» **WHAT TO PRODUCE**
With the pictures left out, restate exactly the part below that opens with the line containing "تَدْرِيسِي دُورِي دُورِي" and closes with the line containing "ポインターシューズ製造商品".

» **THE RECORDS**
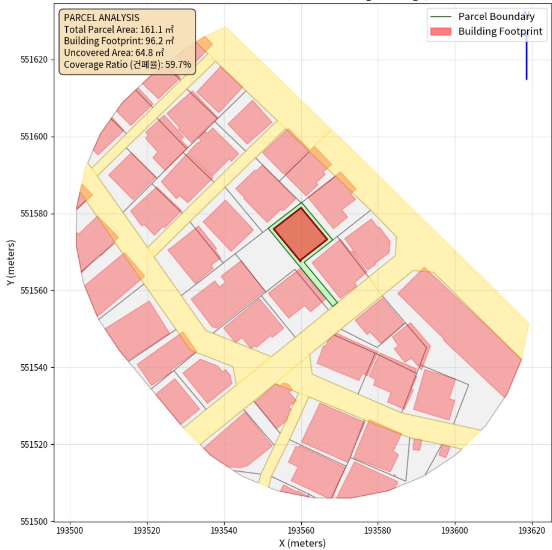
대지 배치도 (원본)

* * *

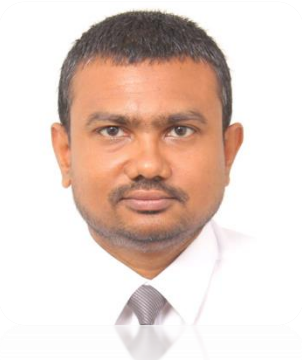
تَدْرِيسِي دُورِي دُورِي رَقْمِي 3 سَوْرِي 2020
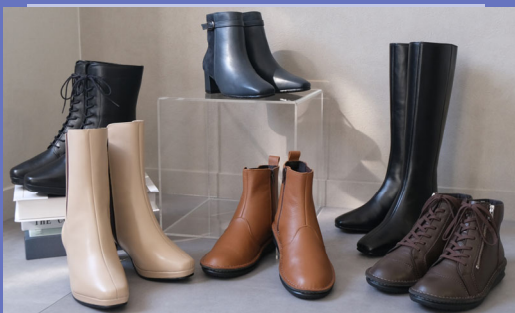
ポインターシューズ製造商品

...

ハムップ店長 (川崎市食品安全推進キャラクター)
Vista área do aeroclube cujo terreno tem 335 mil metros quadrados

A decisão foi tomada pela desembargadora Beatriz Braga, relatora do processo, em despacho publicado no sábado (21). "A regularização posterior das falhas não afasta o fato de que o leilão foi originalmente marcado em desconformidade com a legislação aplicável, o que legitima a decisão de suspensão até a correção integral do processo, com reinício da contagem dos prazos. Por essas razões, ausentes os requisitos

» **EXERCISE RESULT**
تَدْرِيسِي دُورِي دُورِي رَقْمِي 3 سَوْرِي 2020
ポインターシューズ製造商品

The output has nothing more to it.